Si tenía que ser sincero, a él también le asustaba la posibilidad que Jakurai lastimara a su precioso Hifumi, pero luego de un tiempo, estaba más que convencido que no habría mejor persona para su amigo que el doctor.

Notes:

(See the end of the work for notes.)

Work Text:

El día había llegado y Hifumi estaba dando vueltas por la habitación como loco, comiendo dedos de queso empanizados que les habían dejado como snacks los agradables muchachos que atendían el lugar.
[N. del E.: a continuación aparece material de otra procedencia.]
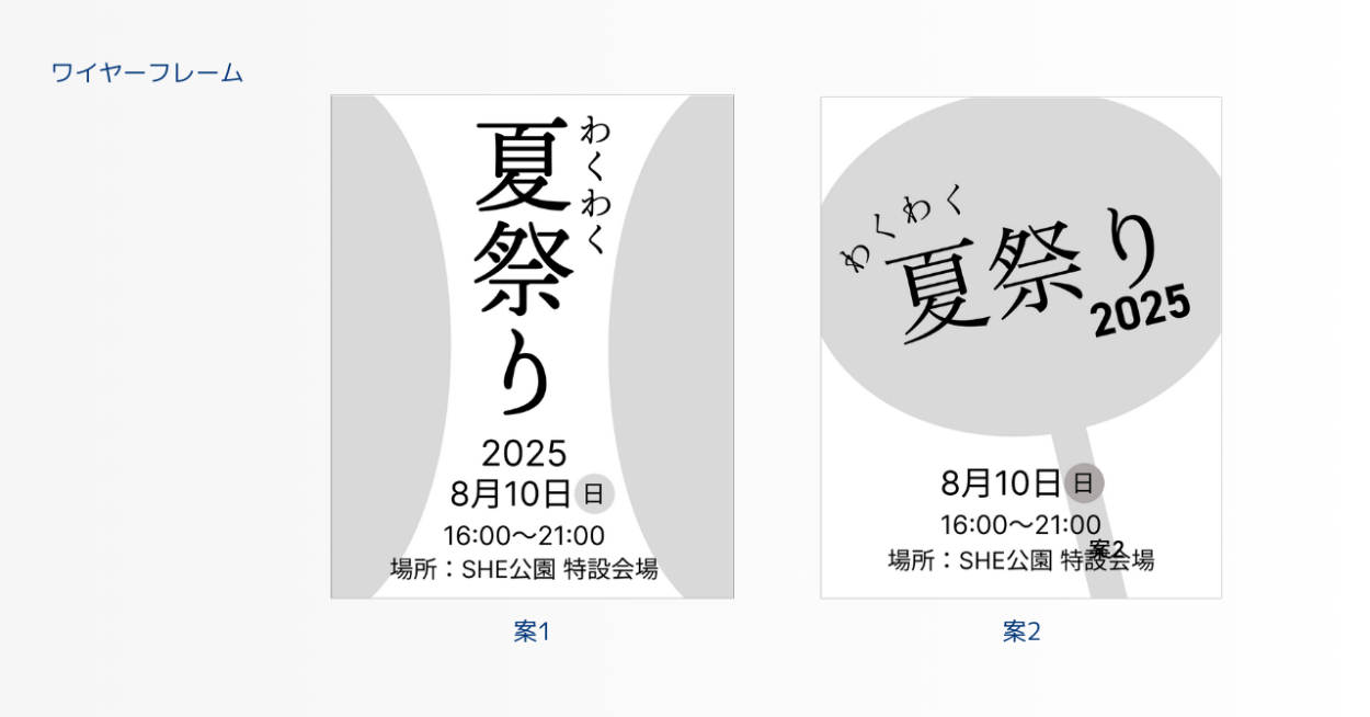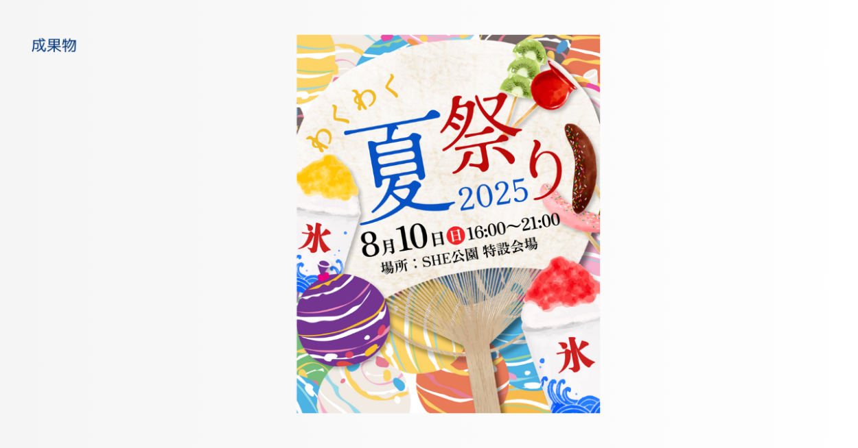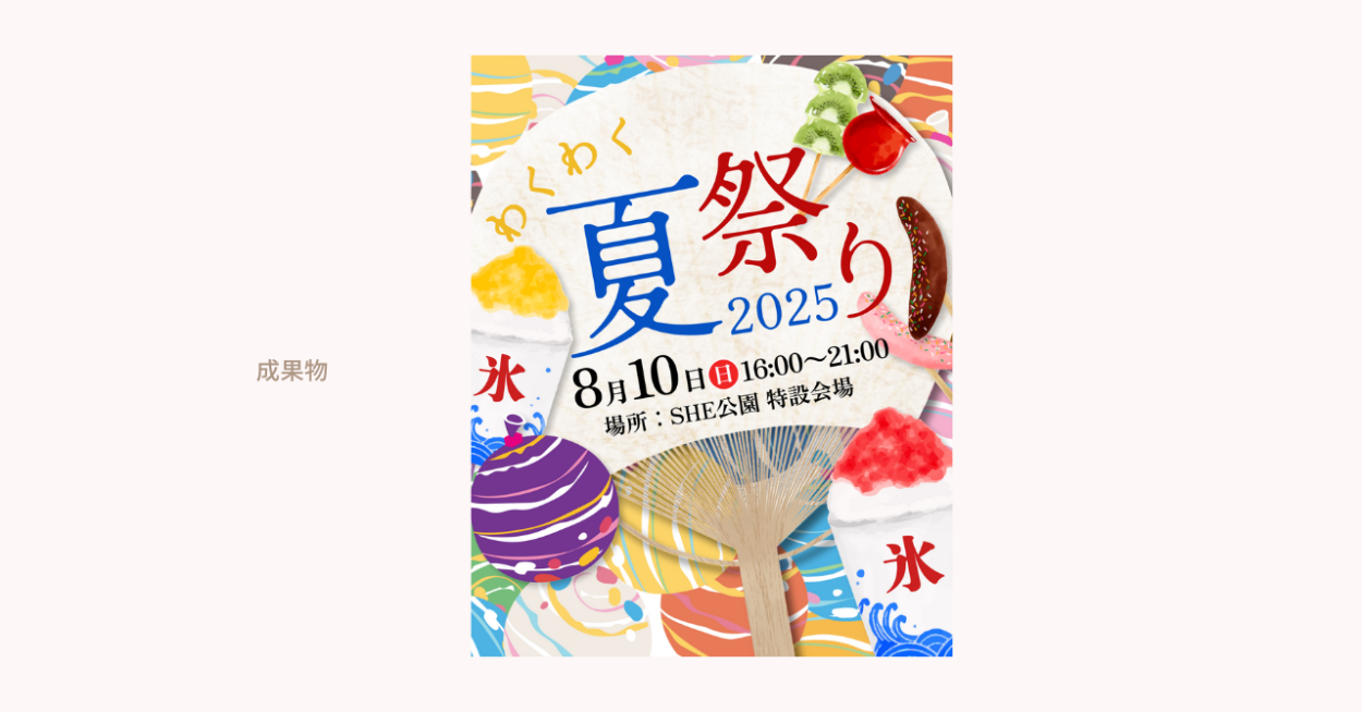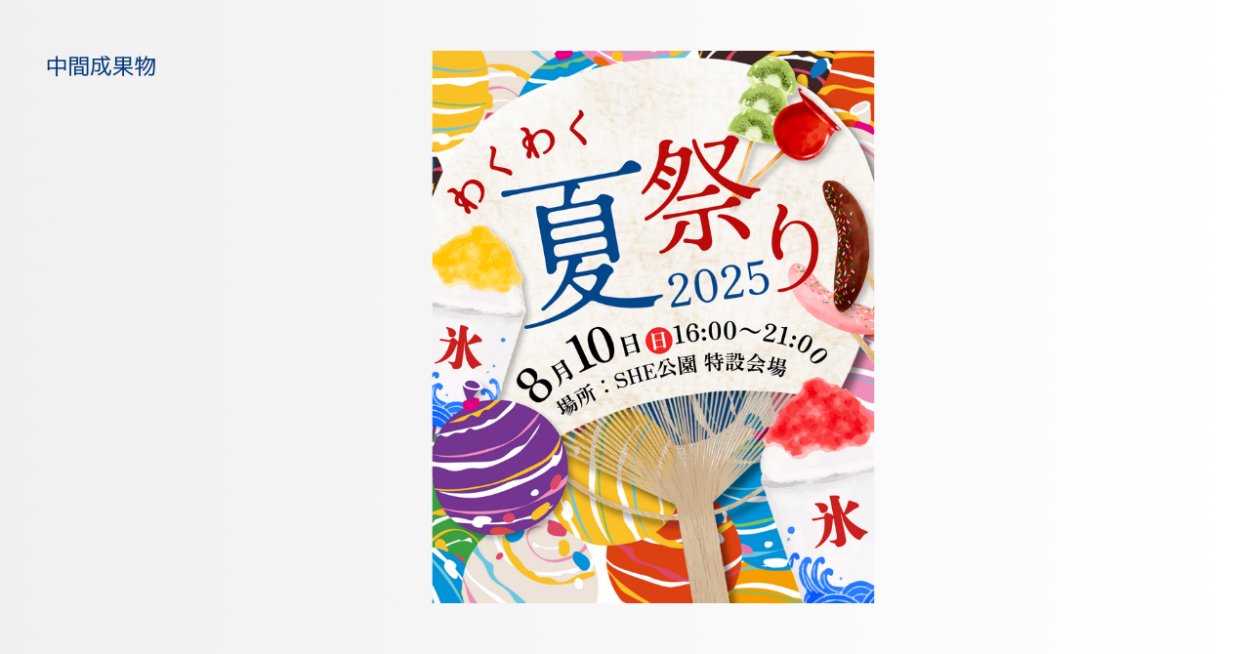 - 日時の一番右の0のカーニングをもう少し狭くするか、うちわの縁に沿うのではなく、日時と場所を真っすぐにして「夏祭り2025」に合わせてみるのも良いのではないか。

— ¿Puedes dejar de estar rondando como desquiciado? — Doppo estaba con él, junto con Jyuto y Rosho quienes habían accedido a ser los acompañantes de Hifumi ese día.
— Déjalo Kannonzaka, el pobre hombre está nervioso — El policía tomó un pretzel del platón y lo llevó a su boca.
— Sí, pero me pone ansioso a mi —.
— ¿Por qué estás tan nervioso, Izanami-kun? Ambos gastaron esta cantidad de dinero como para que te dejase plantado —.
— Pero ¿qué tal que no me veo tan bien como creí? ¿Me veo bien? ¿El traje me queda bien? — Rosho soltó una risa — ¿Qué? ¿No me veo bien?
— ¿Ven a lo que me refiero? Él está muy seguro de que no lo van a dejar plantado, solamente está siendo dramático —.
— Doppochi, eres un tonto — Dicho esto se sentó cerca de la mesa de aperitivos para continuar con la misión de terminar esos dedos de queso.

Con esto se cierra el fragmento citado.